Before you answer that question, child psychologist Dr. Lyle Cadenhead, who practices at A Nurturing Home in Montrose, suggests that you assess your child’s development in four key areas. To wit:

Social: “Is he or she able to separate from parents easily or readily?” Cadenhead asks. “Can they be with others?”

Emotional: Cadenhead says little ones need to be able to sit still in circle time and negotiate the structure of heading off to various workstations during each day. “Are they able to manage their emotions at an appropriate developmental level? If they have frequent meltdowns, if they can’t contain themselves, then they probably are not ready to go yet.” 

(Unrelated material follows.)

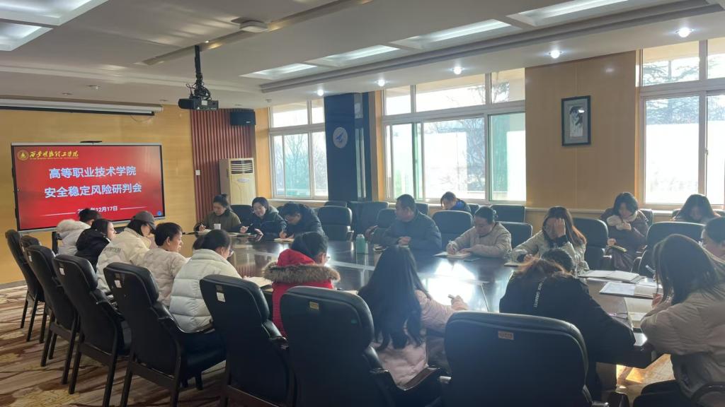 为了深入分析当前学院安全稳定形势,有效预防和应对各类安全事故,确保各项工作稳步推进。12月17日上午,高等职业技术学院在明理楼216会议室召开安全稳定风险研判会。

Cognitive: “Their speech needs to be appropriate…. If they can’t get their needs met in a group setting or with the teacher, that could cause an emotional or behavioral breakdown. They need to be able to ‘use their words.’ If not, that’s when the hitting or biting can come into play.”

Physical: “If they go too young, they might not be able to handle the demands of the day.” 

It’s a parent’s job to inch children in the above directions, says Cadenhead. “You can give them the skills that they will need in preschool. You can help them stretch emotionally, learn as much as they can to interact socially. You can teach them how to sit in a circle. Teach them how to take a deep breath and calm themselves.” 

And remember too that your child needn’t be perfect on day one. Cadenhead says that any good preschool worth its salt will help children along. “They should blossom in the preschool,” she says. “Really, preschool is a wonderful place for a child, because they begin to learn so much.”